Experiential tourism isn’t a new trend; it’s a fundamental shift in the way people travel.

“It started in 1999 when we started to talk about the experience economy,” explained Arsenault, “and when we started to understand that there was a new level of value in the business world, more than commodities, goods and services: this thing called experiences.”

“Experiences have occurred for thousands of years,” continued Celes Davar, Arsenault’s business partner and co-facilitator, “but they’ve never been put together commercially—that’s what’s changing, we’re putting a price point on it.”

Davar said because we’ve moved beyond a goods and services economy and into an experience economy, the tourism industry is trying to reestablish its place.

“In tourism particularly, we’re trying to figure out what is an experience and how does it fit into Jasper as a destination, how does it fit into Lethbridge as a community, how does it fit into Cyprus as a park?”

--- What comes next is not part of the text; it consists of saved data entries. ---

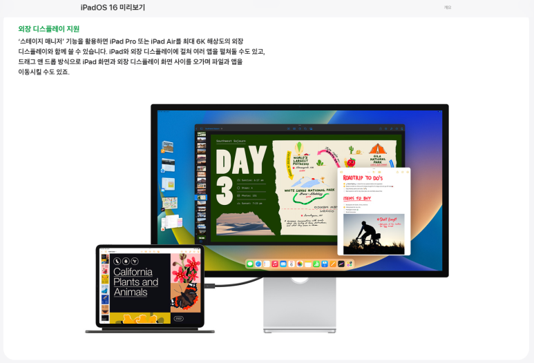 아이패드에 iPadOS 16 배타버전 설치를 하고 떨리는 마음으로 외장 모니터를 연결했는데....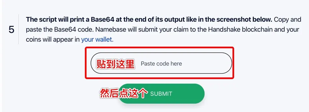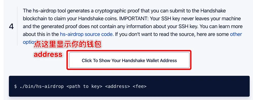 第四步,点击网页上的 Step 4 的 Click To Show Your Handshake Wallet Address,得到你的 HNS 币钱包 address: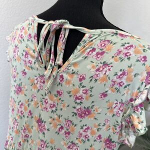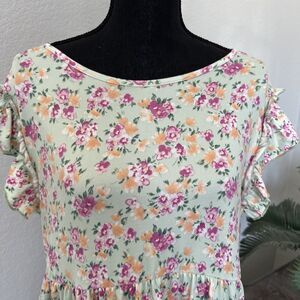Culture Code Light Green Floral Ruffle Accent Baby Doll Mini Dress Size Large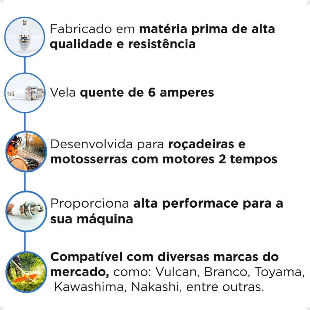 Vela de Ignição Universal Para Roçadeira e Motosserra Motor 2 Tempos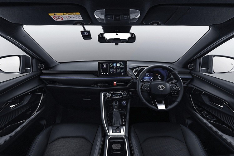 Yaris Cross HEV NightShade 2026 có màn hình cảm ứng 10,1 inch, hệ thống âm thanh 6 loa, sạc không dây, cửa sổ trời toàn cảnh, cốp điện có đá cốp, camera toàn cảnh và 6 túi khí. Xe cũng được tích hợp các tính năng an toàn chủ động trong gói Toyota Safety Sense.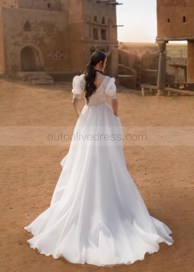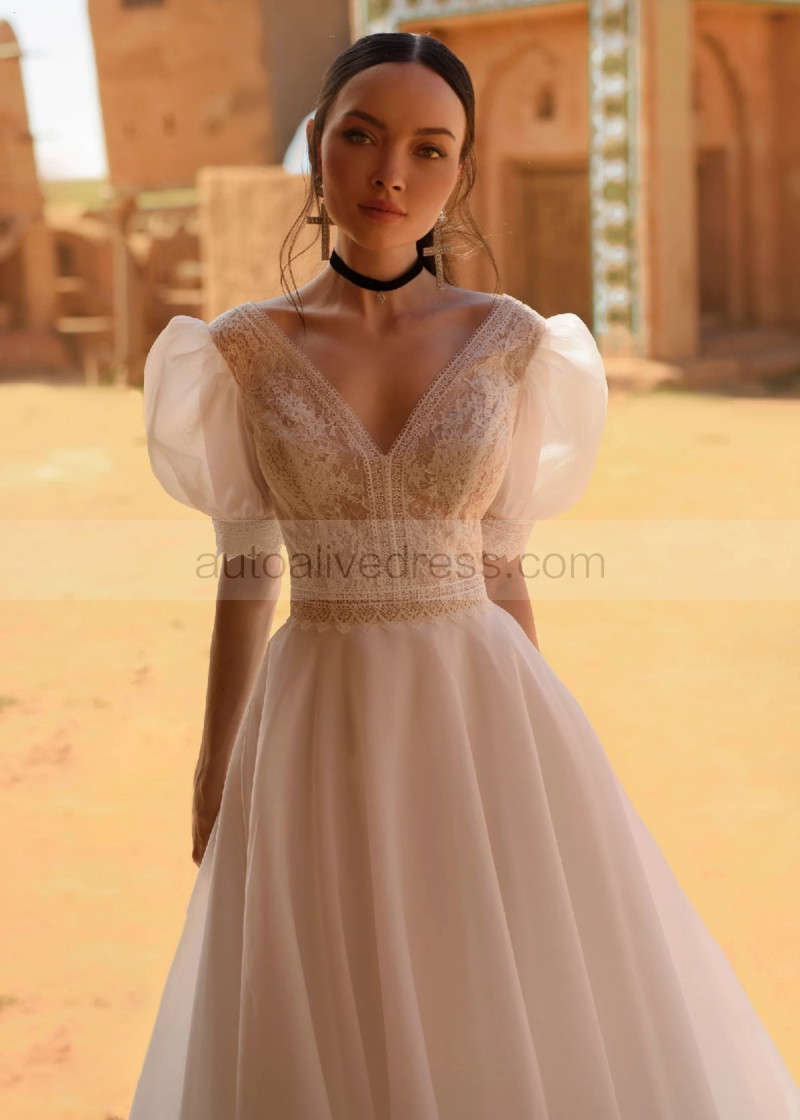 Short Sleeves Ivory Lace Chiffon Boho Beach Wedding Dress
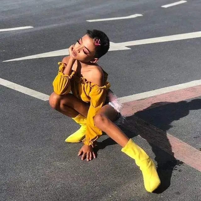 她的打扮非常有成年女性风韵,是及地长裙、高开叉,脚上踩着好几公分高防水台的高跟鞋,不论是走路姿态还是面上的浓妆,都给人一种和她实际年龄完全不配的成熟感,而这位13岁的少年则更加过火,他整个已经做女性打扮很久了。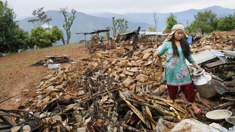 | Hình ảnh đổ nát ở Gorkha, một trong những huyện chịu tổn thương nhiều nhất. (AP) |

The answers to those questions are becoming clearer with the help of the Canadian Tourism Commission’s Explorer Quotient research, which provides the tourism industry with a greater understanding of each destination’s target market.

For example, under the Explorer Quotient, Jasper attracts free spirits, cultural explorers and authentic experiencers. With that knowledge, the community’s tourism operators can tailor their experiences to those specific travellers, ensuring the best possible experience for our visitors.

“Explorer Quotient research has given us better insights into what the traveller does want, so we can keep that focus and, literally, it’s like being able to look inside the person that you want as your customer and knowing exactly what they’re interested in, so you can deliver on it,” explained Ebreth.

With that knowledge and the training they received during the four-day conference, tourism operators left SHiFT with a whole arsenal of new ideas for their businesses.

Shellie Crittenden, the advertising promotions coordinator for WinSport in Calgary, said ideas started percolating as soon as the conference started.

“It was incredible,” she said. “At the end of day four, I’ve got at least four ideas running through my head to go back with.”

Participants in the SHiFT pilot program will have their registration fees reimbursed once they develop a new experiential tourism product that enhances Alberta’s offer.

The program is currently scheduled to run for three years, in three different towns, but if interest continues there is potential for it to become an annual event and perhaps return to Jasper.